Barros e Mendes (2003) investigaram o Contexto de Trabalho e as vivências de prazer e sofrimento no trabalho dos operários terceirizados de uma cooperativa do Distrito Federal, utilizando o modelo teórico-metodológico adotado por Ferreira e Mendes (2003), mediante a aplicação de entrevistas coletivas semi-estruturadas com dois grupos de cinco operários terceirizados cada um, totalizando dez participantes. Os resultados apontaram para um contexto de trabalho caracterizado por uma organização do trabalho rígida quanto à qualidade dos serviços, mas flexível em relação ao horário. As condições de trabalho foram consideradas satisfatórias e as relações de trabalho, amigáveis. A necessidade de sobrevivência e a satisfação no trabalho indicaram concomitantemente neutralização do sofrimento por meio das condições favoráveis do contexto de trabalho e da utilização das relações sociais de trabalho como estratégias mediadoras do sofrimento.

Silva e Mendes (2004) analisaram a relação entre o contexto de trabalho e os indicadores de prazer e sofrimento em 71 profissionais da área de gestão de pessoas de uma instituição financeira.
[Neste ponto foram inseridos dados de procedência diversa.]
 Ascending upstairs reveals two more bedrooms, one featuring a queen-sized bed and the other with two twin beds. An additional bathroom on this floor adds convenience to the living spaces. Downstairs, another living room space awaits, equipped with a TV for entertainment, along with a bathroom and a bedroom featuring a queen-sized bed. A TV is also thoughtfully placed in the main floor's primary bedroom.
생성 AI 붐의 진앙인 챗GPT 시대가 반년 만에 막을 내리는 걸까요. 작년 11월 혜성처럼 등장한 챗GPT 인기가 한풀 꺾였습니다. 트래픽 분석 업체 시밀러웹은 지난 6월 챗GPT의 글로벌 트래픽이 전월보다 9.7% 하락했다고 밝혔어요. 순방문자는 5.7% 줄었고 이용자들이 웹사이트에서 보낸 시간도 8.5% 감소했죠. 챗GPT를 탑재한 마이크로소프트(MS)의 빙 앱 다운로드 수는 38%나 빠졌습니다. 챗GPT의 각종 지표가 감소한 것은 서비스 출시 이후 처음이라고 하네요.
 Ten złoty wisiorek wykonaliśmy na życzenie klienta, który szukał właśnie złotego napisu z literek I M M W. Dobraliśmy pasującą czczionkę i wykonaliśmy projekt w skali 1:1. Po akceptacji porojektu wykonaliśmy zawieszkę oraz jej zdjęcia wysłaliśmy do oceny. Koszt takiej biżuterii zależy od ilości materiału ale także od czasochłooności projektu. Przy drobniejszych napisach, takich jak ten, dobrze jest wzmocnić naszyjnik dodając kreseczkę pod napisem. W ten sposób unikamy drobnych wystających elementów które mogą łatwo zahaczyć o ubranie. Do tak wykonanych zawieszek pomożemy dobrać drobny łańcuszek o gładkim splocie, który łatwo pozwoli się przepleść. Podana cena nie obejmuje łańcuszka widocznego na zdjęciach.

Utilizaram-se do Inventário de Riscos de Adoecimento (ITRA), composto pela Escala de Condições, Organização e Relações de Trabalho (ECORT) e pela Escala de Indicadores de Prazer e Sofrimento no Trabalho (EIPST). O contexto de trabalho foi percebido moderadamente pelos participantes. O fator da ECORT com maior média foi organização do trabalho. Os resultados da EIPST indicaram vivências também moderadas de prazer e sofrimento. As vivências de prazer apresentaram maior média em relação às de sofrimento. O fator liberdade apresentou a maior média. A avaliação teórica e empírica das implicações de variáveis do contexto de trabalho nas vivências de prazer e sofrimento no trabalho apontou uma contradição entre vivência de prazer em um contexto insatisfatório. Os resultados mostram que os sujeitos adotavam como estratégias defensivas, a racionalização e a negação para evitar o sofrimento.
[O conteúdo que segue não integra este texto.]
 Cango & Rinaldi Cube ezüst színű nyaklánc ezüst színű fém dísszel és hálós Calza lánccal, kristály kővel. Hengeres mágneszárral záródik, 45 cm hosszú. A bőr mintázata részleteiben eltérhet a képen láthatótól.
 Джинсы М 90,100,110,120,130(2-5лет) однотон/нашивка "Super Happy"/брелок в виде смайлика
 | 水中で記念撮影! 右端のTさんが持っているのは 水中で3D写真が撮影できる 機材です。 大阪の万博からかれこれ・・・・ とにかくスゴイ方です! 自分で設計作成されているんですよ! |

Silva, Campos e Mendes (2004), em pesquisa realizada com líderes religiosos neopentacostais e tradicionais, encontraram resultados que ratificaram a pesquisa anteriormente citada, concluindo que não existe diferença estatisticamente significativa entre a vivência de prazer-sofrimento e percepção do Contexto de Trabalho, ou seja, há

predominância de prazer em um contexto de trabalho insatisfatório, embora existissem diferenças de estruturas e concepções de trabalho totalmente diferentes, indicando que outras variáveis poderiam ter maior influência sobre as atividades.
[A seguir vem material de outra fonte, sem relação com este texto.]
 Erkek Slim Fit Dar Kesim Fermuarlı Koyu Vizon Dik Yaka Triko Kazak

Analisando-se as recentes contribuições por meio de pesquisas que objetivaram verificar as inter-relações entre o Contexto de Trabalho e a Psicodinâmica, conclui-se que as vivências de prazer e sofrimento são enfrentadas mediante estratégias de mediação, que variam de acordo com o contexto de cada organização e da natureza do trabalho. Assim, as pesquisas confirmam que a atividade de trabalho, bem como as condições de trabalho favoráveis, constituíam-se como prognósticos para a predominância de vivências de prazer, ou ao contrário, quando percebidas como negativas, atuavam como prognósticos de sofrimento dos trabalhadores. Os pesquisadores concluíram ainda, que independentemente de perceberem o contexto como insatisfatório, os trabalhadores tendiam, de modo geral, depender da escolha das estratégias defensivas a serem utilizadas no Contexto de Trabalho, regulando as vivências de sofrimento a fim de manterem a integridade física, psíquica e social.

Com o intuito de atingir o objetivo proposto neste estudo, definiram-se na próxima seção, os elementos que compuseram e delinearam os procedimentos utilizados para a investigação das percepções dos trabalhadores da organização investigada, quanto aos pressupostos da atividade (contexto do trabalho), das vivências de prazer e sofrimento (organização do trabalho), bem como a identificação das estratégias de mediação utilizadas pelos trabalhadores, haja vista as especificidades das naturezas de trabalho investigadas.

Assim, fundamentado no referencial teórico exposto nesta e em seções anteriores, principalmente no que concerniu ao Contexto de Trabalho e à Psicodinâmica, o próximo capítulo trata da metodologia utilizada para a consecução da pesquisa.